■ WORK INSTRUCTION ■
Every line of the data below is to be duplicated exactly, pictures excepted.

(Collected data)
═══

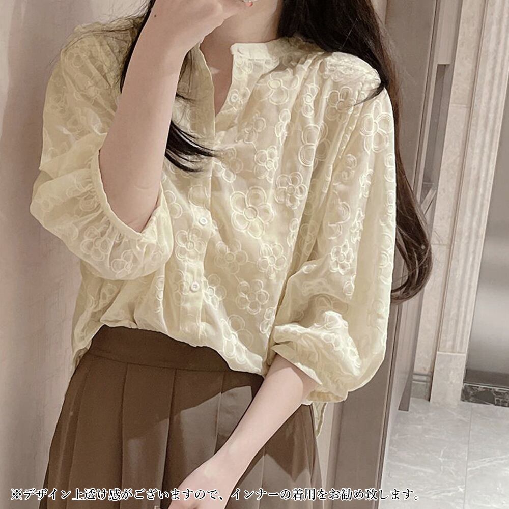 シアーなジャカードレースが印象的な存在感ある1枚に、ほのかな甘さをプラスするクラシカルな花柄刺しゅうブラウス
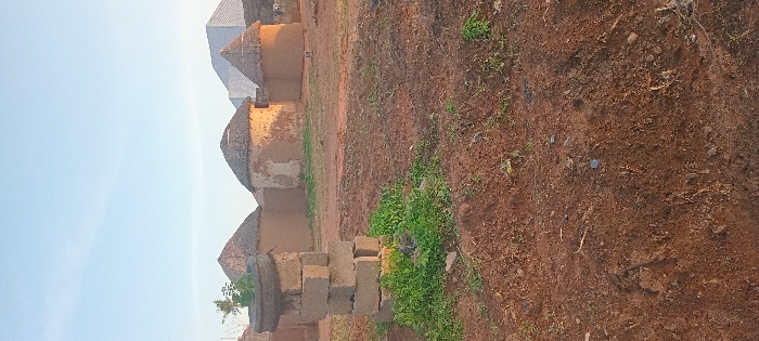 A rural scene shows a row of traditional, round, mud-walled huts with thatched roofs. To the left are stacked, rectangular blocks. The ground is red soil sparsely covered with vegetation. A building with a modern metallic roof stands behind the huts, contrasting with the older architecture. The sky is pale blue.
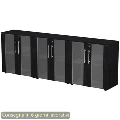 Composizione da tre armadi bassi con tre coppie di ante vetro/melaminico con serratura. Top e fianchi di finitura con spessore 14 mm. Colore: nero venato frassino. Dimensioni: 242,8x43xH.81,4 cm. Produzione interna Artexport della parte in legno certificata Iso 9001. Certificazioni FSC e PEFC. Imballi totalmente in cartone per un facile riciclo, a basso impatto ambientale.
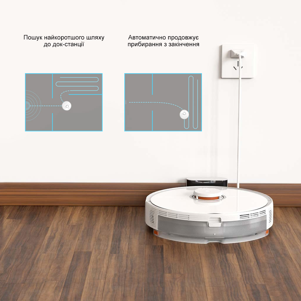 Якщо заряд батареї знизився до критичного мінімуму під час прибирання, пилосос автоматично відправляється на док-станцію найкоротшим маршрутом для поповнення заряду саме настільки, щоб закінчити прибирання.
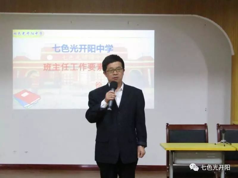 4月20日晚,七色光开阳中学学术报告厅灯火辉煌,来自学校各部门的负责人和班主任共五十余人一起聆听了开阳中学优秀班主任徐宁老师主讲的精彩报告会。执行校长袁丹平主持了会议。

═══

■ OUTPUT BELOW ■
 シアーなジャカードレースが印象的な存在感ある1枚に、ほのかな甘さをプラスするクラシカルな花柄刺しゅうブラウス
 A rural scene shows a row of traditional, round, mud-walled huts with thatched roofs. To the left are stacked, rectangular blocks. The ground is red soil sparsely covered with vegetation. A building with a modern metallic roof stands behind the huts, contrasting with the older architecture. The sky is pale blue.
 Composizione da tre armadi bassi con tre coppie di ante vetro/melaminico con serratura. Top e fianchi di finitura con spessore 14 mm. Colore: nero venato frassino. Dimensioni: 242,8x43xH.81,4 cm. Produzione interna Artexport della parte in legno certificata Iso 9001. Certificazioni FSC e PEFC. Imballi totalmente in cartone per un facile riciclo, a basso impatto ambientale.
 Якщо заряд батареї знизився до критичного мінімуму під час прибирання, пилосос автоматично відправляється на док-станцію найкоротшим маршрутом для поповнення заряду саме настільки, щоб закінчити прибирання.
 4月20日晚,七色光开阳中学学术报告厅灯火辉煌,来自学校各部门的负责人和班主任共五十余人一起聆听了开阳中学优秀班主任徐宁老师主讲的精彩报告会。执行校长袁丹平主持了会议。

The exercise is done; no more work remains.